La Red de Comunistas de Italia inicia una campaña contra el imperialismo, contra el bloqueo y en defensa de los procesos revolucionarios y la autodeterminación de los pueblos.
Como Rete dei Comunisti, hemos organizado este ciclo de iniciativas para enmarcar adecuadamente los futuros eventos electorales que este otoño atravesarán lo que antes se llamaba el Nuevo Mundo (desde los EE.UU. hasta Venezuela, desde Bolivia hasta Chile) en el contexto de la transformación de todo el continente, y especialmente en relación con la fase histórica que estamos atravesando.

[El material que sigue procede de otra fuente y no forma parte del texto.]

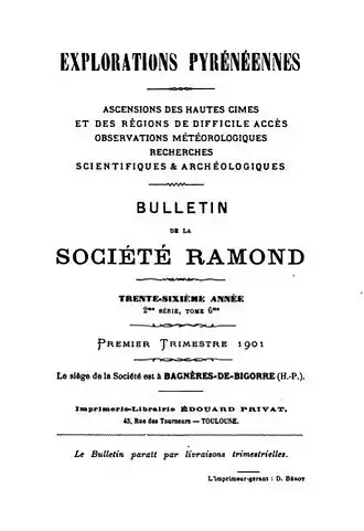 - ^ "Les Bulletins de la Société Ramond" [Bulletin of the Société Ramond]. ramond-societe.com (in French). La Société Ramond. Archived from the original on 18 November 2013.
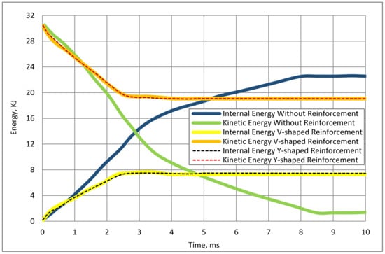 Next, energy conversion data of the whole system comprising both the test rig and leading edge with and without reinforcement can be found in Figure 9. From the illustration, it is evident that most of the kinetic energy of the bird is converged to internal energy for the case of leading edge without any reinforcement. The maximum internal energy reaches the peak value of 22.62 KJ at 8 ms and stabilizes afterward. However, for the case of reinforcements, a completely different scenario can be observed, where the kinetic energy of the bird decreases from 30.4 KJ to 19 KJ and continues to retain the energy. This phenomenon can be described from the previous illustration (Figure 8) where the bird, after being impacted, is sliced into two pieces due to the presence of the reinforcements. Thus, a full crashing of the bird model does not take place and the specified kinetic energy remains in the bird model. Therefore, the system with reinforcements requires the absorption of less kinetic energy, and the maximum peak values of 7.63 KJ and 7.49 KJ internal energy are produced by V-shaped and Y-shaped reinforcements, respectively, which stabilizes at 2.5 milliseconds. Similar to the previous bird strike events, both reinforcement types exhibit almost identical energy summary, generating approximately 67% less internal energy than the system without reinforcement.

Desde décadas, el modo de producción capitalista se encuentra en una crisis sistémica de la que no consigue salir. Tras el empuje de la expansión del mercado mundial dado por la implosión del bloque soviético y la apertura de China en los años noventa, las dificultades para valorizar el capital se agudizan cada vez más, lo que genera una serie de contradicciones cuyo desarrollo es cada vez más destructivo, desde la inestabilidad financiera hasta la tendencia a una guerra no frontal sino generalizada, desde la crisis ambiental hasta la crisis sanitaria. Esta incapacidad de generar beneficios adecuados para satisfacer las necesidades del capital se refleja en Occidente directamente en un descenso de las condiciones de vida de la mayoría de la población, a quien llega una porción cada vez más pequeña de una riqueza cada vez más pequeña. Esto ha erosionado progresivamente la capacidad hegemónica de la clase dirigente, exasperando las fracturas internas de la sociedad que se manifiestan cíclicamente de manera variada según las situaciones concretas.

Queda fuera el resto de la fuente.